In spite of the word resilience’s proliferation in contemporary culture, and in spite of attempts to systematize the ingredients for its expression, resilience remains mysterious, mystical even. Under what conditions are we able to heal and grow from an event rather than shatter and collapse? (Let me be clear: sometimes the collapse is what leads to the rest that ultimately allows for healing; incorporating ample opportunities for rest is a clearer path to resilience.) We don’t entirely know. We do know that expressions of resilience thrive when we practice awareness and reflection (The Community Resilience Reader). As yogis, awareness (buddhi) and reflection (svadhyaya; self-study) are part of our practice’s infrastructure. We are in a practice of creating conditions to support resilience.
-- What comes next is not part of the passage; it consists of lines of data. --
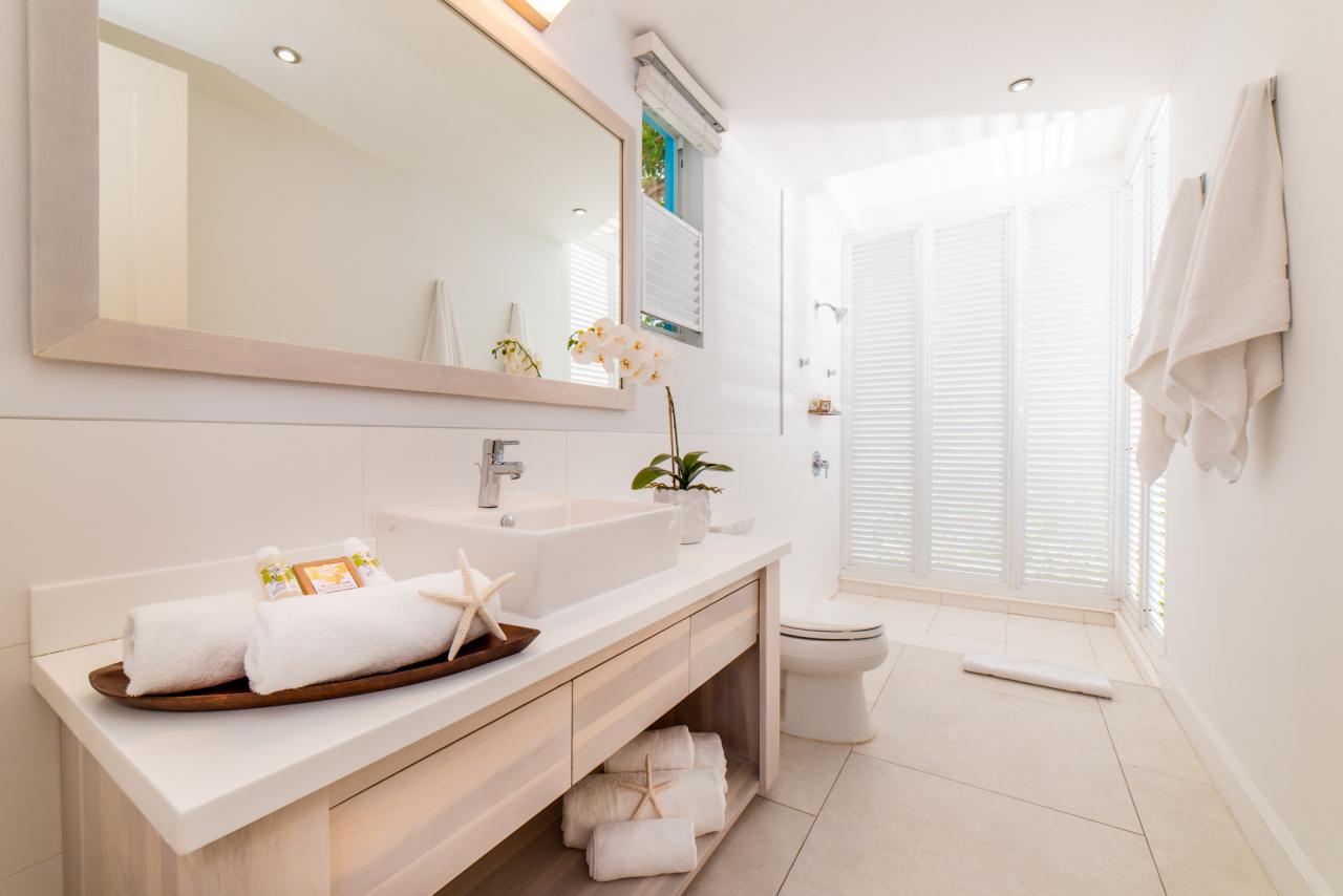 Primary Bedroom: This room is located on the upper level. It is equipped with a king-sized bed, air conditioning, a ceiling fan, a safe, and an ensuite bathroom with a walk-in shower and feature soaking tub. This room also has a balcony with an ocean view that is shared with bedroom 2.
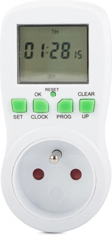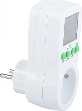 Digitālais rozetes taimeris ir ideāli piemērots lampām, apkurei, akvārijiem, ventilatoriem vai lādētājiem. Pateicoties 16 ieslēgšanas/izslēgšanas programmām, viegli izveidosiet nedēļas plānu un ļausiet taimerim strādāt jūsu vietā. Iebūvēta baterija saglabā iestatījumus arī strāvas zuduma gadījumā, bet pārskatāms LCD displejs ar vienkāršām pogām paātrina iestatīšanu.
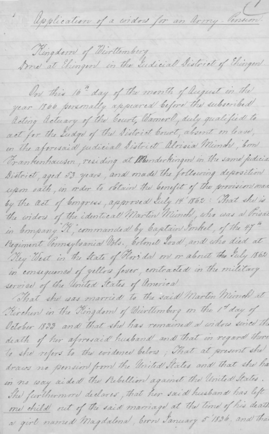 Aloisia Munch_U.S. Civil War Widow’s Pension Claim, app for widow’s pension, 13 Aug 1866, p. 1_original German and E nglish translation_pubdom
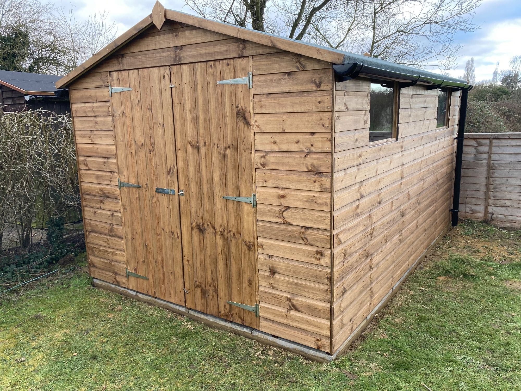 ** All sawn timber is pressure treated, as standard, with an oil-based treatment available on shiplap cladded sheds; we can also treat the product in customer-supplied choice of treatment for a nominal fee.
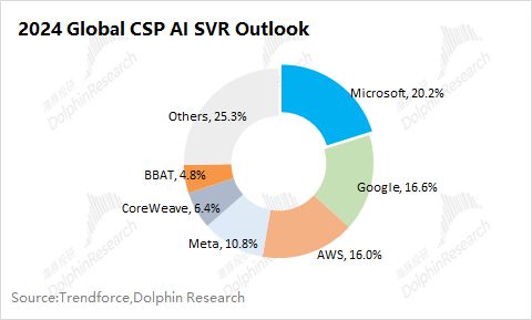 ②需求端:一部分市场机构将台积电CoWos产能进行倒推来测算需求,但海豚君认为应该关注“谁掏钱,谁买单”的最终消费者,更应该从AI服务器及互联网大厂的资本开支入手。
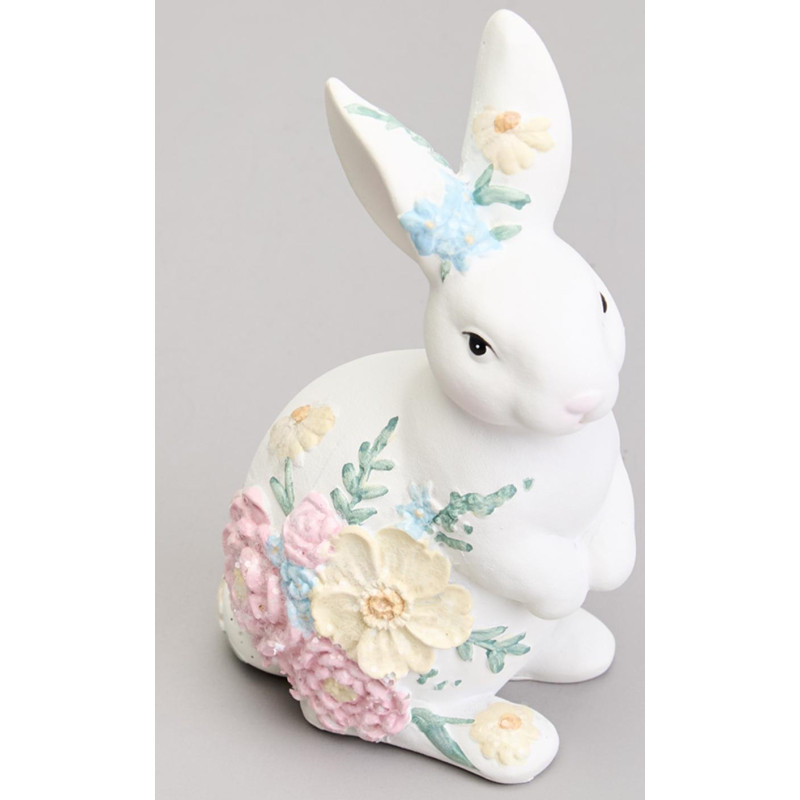 Кролик с милыми большими глазами и мягкой улыбкой выглядит так, будто улыбается целому миру. Его изысканный силуэт украшен красивыми цветами — яркими розами и нежными цветками, расположенными на боках, которые добавляют фигурке жизни и весеннего обаяния. Ушки, аккуратные и изящные, словно танцуют на ветру, подчеркивая легкость и свежесть образа.
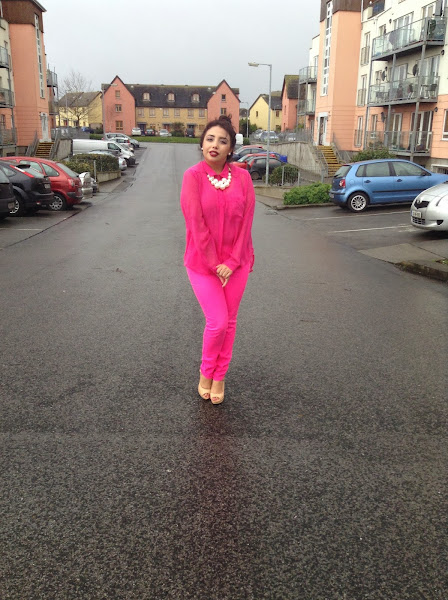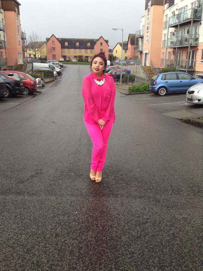 Ahora hablare un poco de mi outfit lo elegí en rosa neón ya que a mí en lo personal son fan del color rosa y los neones han marcado muy fuerte esta temporada pasada y aunque ahora viene la época de los colores pastel, aun se dejara ver los colores vibrante y neones. Como el que luzco yo. Finalmente las fotos han sido tomadas en un día de mucha lluvia ya que aquí por Irlanda hace un frio q extrémese pero aun así no quise dejar pasar la oportunidad de que me conozcan.
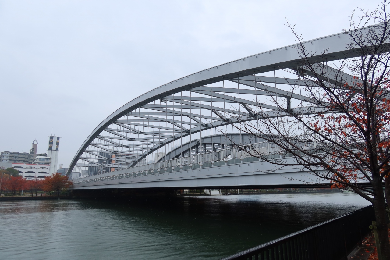 大阪市内を流れる大川に架けられた180m程ある橋で、国道1号線が上を通っています。戦前より銀橋と呼ばれるほど、市民に親しみを持たれています。車で通ると道幅があり、橋の感じが分かりませんが、桜之宮公園から、橋の横型をみると、アーチ型の美しいフォルムが印象的な橋です。

Personally, in the moments where I felt the most stretched this year (when wildfires left our air unbreathable and literally off the charts for air quality hazards), two things specifically brought me back from the panicked, “I need to get out of here now” place: 1)seeing a sunflower bloom in my front yard when we returned from our safer air retreat; 2) remembering my place in my own lineage— I was here because people before me survived. I would characterize these instances as observing and recognizing resilience in nature and remembering my place in the web of life. Since that time, I have called on the sunflower, the ancestors and my own resilience throughout this year in particular to flex resilience in new challenging situations: it feeds itself.
By re-collecting our resilience, we prime ourselves for the future AND we envision a future audience who can learn from our work and carry it forward.
How to Begin
- One of the simplest ways to engage your memory in this way is to practice recalling the highlights of your day at dinner or bedtime. I love to do this in conversation, but even calling back the events of the day as you tuck yourself into bed and close your eyes is a powerful shift towards reflection and intentionality.
- Journaling is magic. I place no requirements upon myself with respect to content (sometimes I need to vent, sometimes I want to write about a global news event, everything is welcome). Over the past year, I began journaling first thing in the morning, before my meditation; this has helped my meditation practice, too.
- Creating writings, artwork, collections, interviews based on prompts. This is profound, because it invites us to consider our lives from a perspective that might not have been instinctual; in other words, prompts invite us to consider things from a new angle.
What is your practice of remembering like?